As far as knowledge work goes, this setup is quite minimalist, as I am only entering in information from a single information source (the paper form); most knowledge work involves combining information from multiple sources, and sometimes synthesizing and reconciling competing pieces of information to produce an output. However, note that the largest bottleneck of any knowledge acquisition job is not actually the speed or words per minute that I can type.  Even with access to a perfect high-bandwidth human-machine interface via a neural lace directly wiring the motor and somatosensory cortex of my brain to the computer, the main bottleneck would still be the speed in which I could read and understand the words on the page (language processing is largely believed to be happening in the Broca’s region of the brain). 

Manual data collection like the setup of my summer job is by far the most prevalent form of building digital knowledge bases, and has persisted from the beginning of digital computers til the present day.  In fact, one of the original motivations for creating computer companies was to enable this task. The founder of original computer company, IBM, was motivated in part by his work in compiling the 1880 US census, one of the first databases.

While we can scale up the knowledge acquisition effort (i.e. we can build larger knowledge bases) by hiring larger teams of people to work in parallel, this would simply be an aggregation of labor, and not a net gain in productivity. The unit economics (i.e. the cost per field) wouldn’t change, we’d simply be paying more for a larger team of humans, and it would in fact go up a bit due to the overhead cost of coordinating the team of humans.
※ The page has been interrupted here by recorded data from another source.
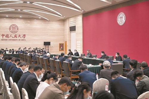 在认真听取大家发言后,习近平发表重要讲话。他强调,我国有独特的历史、独特的文化、独特的国情,建设中国特色、世界一流大学不能跟在别人后面依样画葫芦,简单以国外大学作为标准和模式,而是要扎根中国大地,走出一条建设中国特色、世界一流大学的新路。中国人民大学从陕北公学成立之初就鲜明提出要培养“革命的先锋队”,到新中国成立之初提出培养“万千建国干部”,到改革开放新时期提出培养“国民表率、社会栋梁”,再到新时代提出培养“复兴栋梁、强国先锋”,始终不变的是“为党育人、为国育才”,展现了“党办的大学让党放心、人民的大学不负人民”的精神品格。希望中国人民大学落实立德树人根本任务,传承红色基因,让听党话、跟党走的信念成为人大师生的自觉追求。
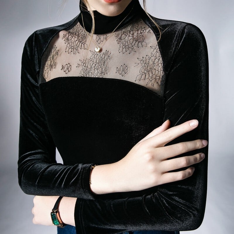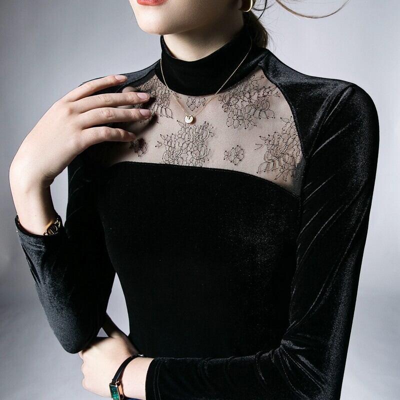 sheer lace velour tops / l0103
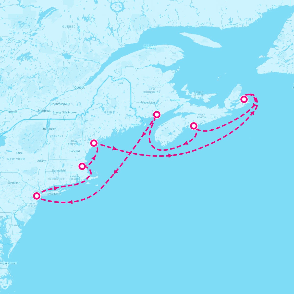 This route includes cape-liberty-bayonne-new-jersey, boston-massachusetts, portland-maine, sydney-nova-scotia, halifax-nova-scotia, st-john-new-brunswick.
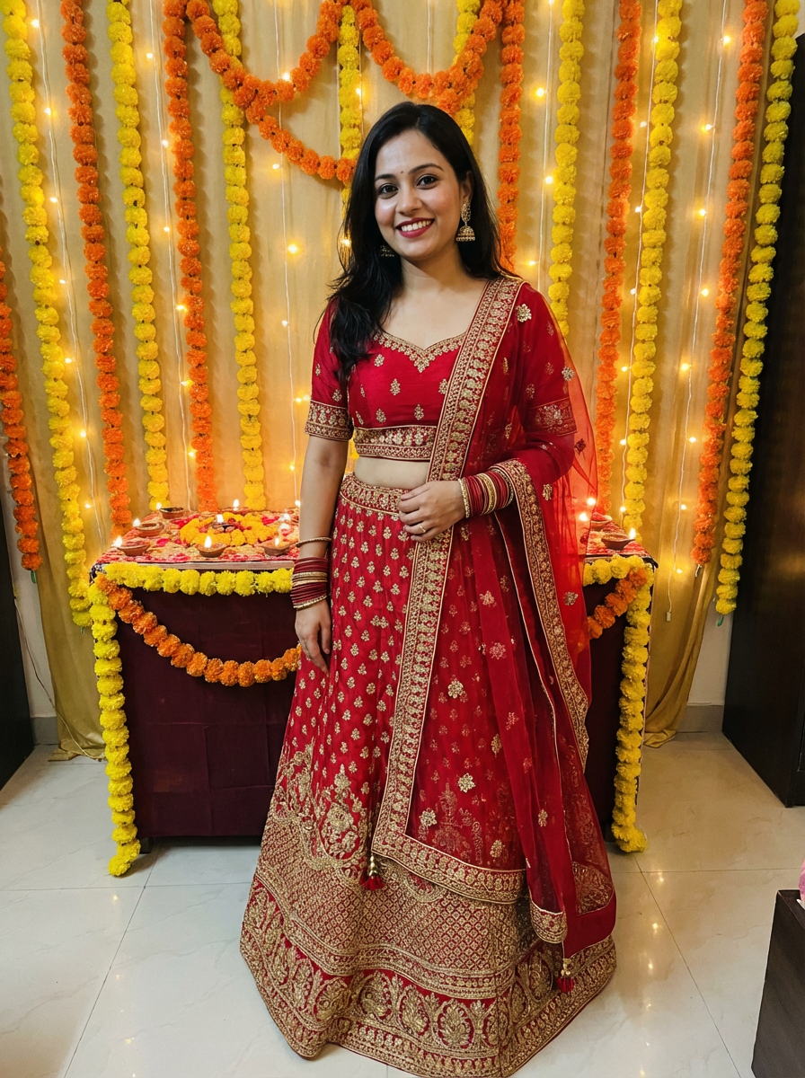 A model standing near a beautifully decorated Diwali backdrop with hanging lights, flowers, and diyas, exuding the festive spirit in a traditional dress.

For many decades, due to the growth of the modern corporation, this is how we got larger and larger knowledge bases, including Cyc, one of the early efforts to build a knowledge base for AI, which contained 21M fields. Most knowledge bases today are constructed by an organization of people trained to do the task. However, something was brewing in the mid-90s that would change this cost structure forever.
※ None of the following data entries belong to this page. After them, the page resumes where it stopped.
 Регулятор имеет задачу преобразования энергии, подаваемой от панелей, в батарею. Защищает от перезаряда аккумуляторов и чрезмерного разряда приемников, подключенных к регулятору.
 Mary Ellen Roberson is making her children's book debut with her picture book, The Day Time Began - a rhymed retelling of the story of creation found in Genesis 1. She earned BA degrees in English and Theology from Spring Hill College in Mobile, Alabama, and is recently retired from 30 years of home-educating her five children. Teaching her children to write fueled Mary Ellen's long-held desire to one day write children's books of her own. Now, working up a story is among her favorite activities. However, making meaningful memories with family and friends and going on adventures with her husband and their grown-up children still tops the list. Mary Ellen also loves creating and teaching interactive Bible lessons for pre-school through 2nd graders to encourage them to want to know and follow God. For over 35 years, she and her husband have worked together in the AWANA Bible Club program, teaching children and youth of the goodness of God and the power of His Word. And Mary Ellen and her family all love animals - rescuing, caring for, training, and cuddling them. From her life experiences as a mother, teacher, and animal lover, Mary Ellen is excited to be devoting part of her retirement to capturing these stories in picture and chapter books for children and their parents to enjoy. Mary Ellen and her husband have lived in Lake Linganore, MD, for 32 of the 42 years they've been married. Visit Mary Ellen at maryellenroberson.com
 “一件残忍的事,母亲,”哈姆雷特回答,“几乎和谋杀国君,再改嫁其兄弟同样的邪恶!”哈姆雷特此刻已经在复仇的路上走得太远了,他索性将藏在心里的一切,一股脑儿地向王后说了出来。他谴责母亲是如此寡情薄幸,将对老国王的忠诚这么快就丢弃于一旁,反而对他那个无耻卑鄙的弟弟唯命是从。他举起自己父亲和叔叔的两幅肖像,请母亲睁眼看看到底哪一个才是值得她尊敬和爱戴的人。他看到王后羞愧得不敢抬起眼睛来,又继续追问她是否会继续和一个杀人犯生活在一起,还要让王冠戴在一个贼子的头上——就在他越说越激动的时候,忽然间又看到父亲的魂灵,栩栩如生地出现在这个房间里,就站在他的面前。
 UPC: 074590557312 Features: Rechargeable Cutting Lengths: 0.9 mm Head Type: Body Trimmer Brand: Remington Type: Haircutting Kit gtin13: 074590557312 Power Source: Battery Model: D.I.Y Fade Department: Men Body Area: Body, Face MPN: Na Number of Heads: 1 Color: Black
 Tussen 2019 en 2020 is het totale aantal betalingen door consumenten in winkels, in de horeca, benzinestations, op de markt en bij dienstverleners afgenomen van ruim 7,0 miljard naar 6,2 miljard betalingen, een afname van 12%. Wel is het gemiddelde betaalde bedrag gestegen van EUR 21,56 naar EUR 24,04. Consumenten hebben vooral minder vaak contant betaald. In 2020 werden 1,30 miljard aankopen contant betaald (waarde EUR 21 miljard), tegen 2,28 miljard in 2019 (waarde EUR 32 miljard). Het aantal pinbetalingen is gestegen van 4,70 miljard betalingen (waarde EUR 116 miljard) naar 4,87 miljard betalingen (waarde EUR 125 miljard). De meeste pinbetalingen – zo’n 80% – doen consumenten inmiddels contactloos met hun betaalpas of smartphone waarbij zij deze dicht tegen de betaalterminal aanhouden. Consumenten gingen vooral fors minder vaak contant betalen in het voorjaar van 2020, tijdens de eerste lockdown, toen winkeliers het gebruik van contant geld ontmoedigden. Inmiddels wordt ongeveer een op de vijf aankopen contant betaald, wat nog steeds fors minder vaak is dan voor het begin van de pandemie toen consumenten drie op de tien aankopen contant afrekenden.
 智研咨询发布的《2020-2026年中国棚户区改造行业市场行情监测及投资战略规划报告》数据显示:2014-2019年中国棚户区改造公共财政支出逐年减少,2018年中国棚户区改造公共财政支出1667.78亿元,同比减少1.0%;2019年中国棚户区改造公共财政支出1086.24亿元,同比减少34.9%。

That step-function change was the Internet. A growing global network of inter-connected computers meant a large increase in the addressable labor pool (millions, and then later billions of people), and access to global economies with lower wages. The biggest change though, was that a lot of people spent their “free” time on the Internet. This allowed sites like Wikipedia to flourish, which can be viewed as a knowledge base built by a global community of contributors. This dramatically lowers the effective cost of each record, as most of the users don’t view building the knowledge base as their primary means of employment, but a volunteering activity or hobby. Building a knowledge resource like Wikipedia would have been very prohibitively expensive for a single organization to execute on pre-Internet.
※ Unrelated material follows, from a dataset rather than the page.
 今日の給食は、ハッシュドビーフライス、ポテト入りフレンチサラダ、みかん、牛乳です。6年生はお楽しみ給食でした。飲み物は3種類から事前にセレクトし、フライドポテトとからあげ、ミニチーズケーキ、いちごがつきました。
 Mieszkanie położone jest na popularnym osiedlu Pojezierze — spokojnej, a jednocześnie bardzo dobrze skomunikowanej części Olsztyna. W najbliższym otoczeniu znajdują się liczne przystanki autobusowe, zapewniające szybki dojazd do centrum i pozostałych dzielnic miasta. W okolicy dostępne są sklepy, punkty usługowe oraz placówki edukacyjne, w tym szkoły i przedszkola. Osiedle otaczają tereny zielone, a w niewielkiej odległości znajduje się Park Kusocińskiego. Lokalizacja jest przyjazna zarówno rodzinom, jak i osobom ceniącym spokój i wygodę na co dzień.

A startup called MetaWeb leveraged crowdsourcing in order to build a knowledge base called Freebase. Importing much of Wikipedia and with a wiki-style web-based editor, they were able to build the size of the knowledge base up to 1.9B fields. This represented a 100X improvement in the cost of acquiring each field in the knowledge base. Freebase was summarily shut down when MetaWeb was acquired by Google, however its Wikipedia origins are why many of the knowledge graph panels that Google returns are based on Wikipedia pages.

Crowdsourcing has become an effective technique for maintaining large publicly-accessible knowledge bases. For example, IMDB, Foursquare, Yelp, and the Google Knowledge panels all take advantage of Internet users to curate, complete, and find errors in those knowledge bases. While crowdsourcing has been great in enabling the creation of these very useful datasets and tools, it has its limitations as well. The key limitation is that it is only possible to crowdsource the construction of a database in certain areas of knowledge where there is a sufficient level of mass-market popularity to form an online community of users, typically 100k or more. This is why, as a general rule, we tend to see crowd-sourced knowledge bases in the domains of celebrities (Wikipedia pages), movies (IMDB), restaurants (Yelp), and other entertainment activities but not scientific and business activities (e.g. drug interactions, vendor databases, financial market data, business intelligence, legal records). This is because, unlike leisure, work requires specialized knowledge, and there are not online communities of 100k specialists in each area.

So what technology will enable the next 100X breakthrough in knowledge acquisition?

Naturally, to go beyond the limitations of groups of humans, we will have to turn to artificial intelligence for acquiring knowledge. This field is called Automated Knowledge base construction, and is the focus at Diffbot. At Diffbot, we have developed a commercial system that combines multiple areas of research–visual extraction of webpages, natural language processing, computer vision, and knowledge fusion–to build an automonous system that can build a production-level knowledge base. Because the fields in the knowledge base are not gathered by humans but by an AI system that is synthesizing multiple documents, the domains of knowledge are not limited to what is popular, and and it now becomes economically feasible to acquire the kind of knowledge that is useful for business applications.

Here is a summary of the unit economics of various methods of building knowledge bases. Much credit goes to Heiko Paulheim, for his analysis framework in “How much is a Triple?” (ISWC ’18), which I have merely updated with my own estimates and calculations.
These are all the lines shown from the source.